───── Data segment ─────

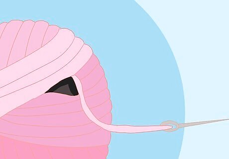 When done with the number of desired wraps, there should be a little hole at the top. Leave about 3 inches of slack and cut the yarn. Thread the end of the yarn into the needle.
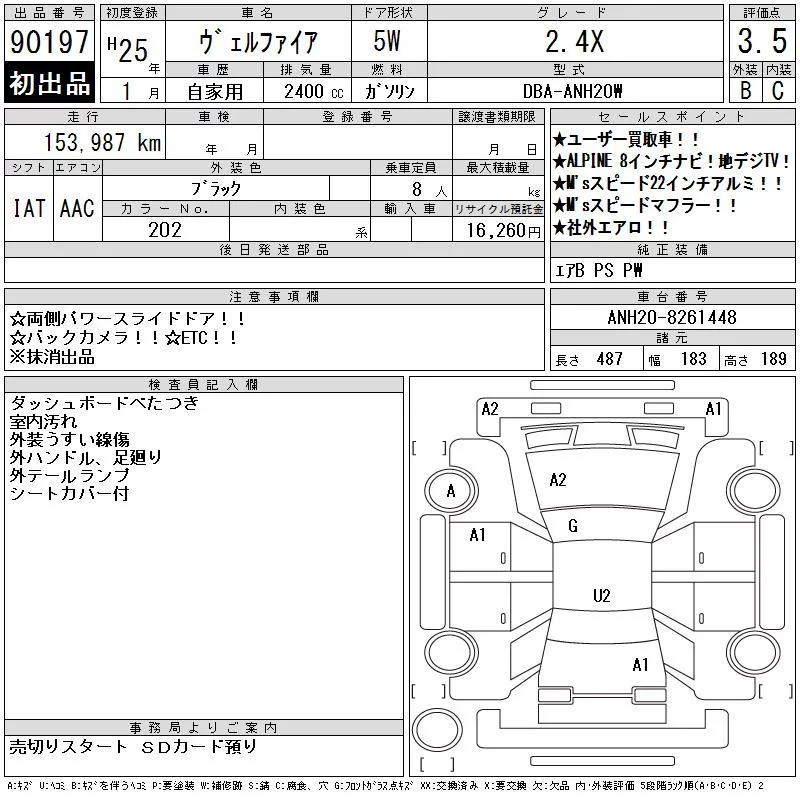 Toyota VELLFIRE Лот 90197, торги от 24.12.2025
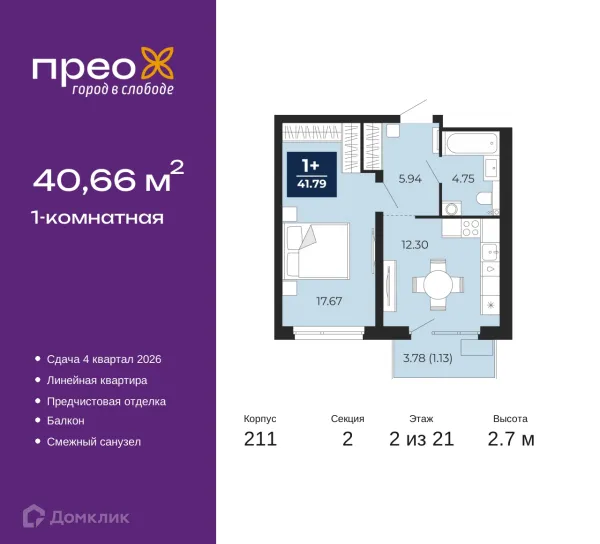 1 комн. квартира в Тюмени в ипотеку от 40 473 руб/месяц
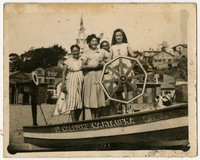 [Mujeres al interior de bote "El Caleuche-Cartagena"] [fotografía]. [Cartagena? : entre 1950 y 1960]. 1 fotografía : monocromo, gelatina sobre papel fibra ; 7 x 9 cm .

─────

Work task >> Pictures stay out. Return exactly the lines from the one with "1 комн. квартира" through the last line of the data.

Solution for this problem >>
 1 комн. квартира в Тюмени в ипотеку от 40 473 руб/месяц
 [Mujeres al interior de bote "El Caleuche-Cartagena"] [fotografía]. [Cartagena? : entre 1950 y 1960]. 1 fotografía : monocromo, gelatina sobre papel fibra ; 7 x 9 cm .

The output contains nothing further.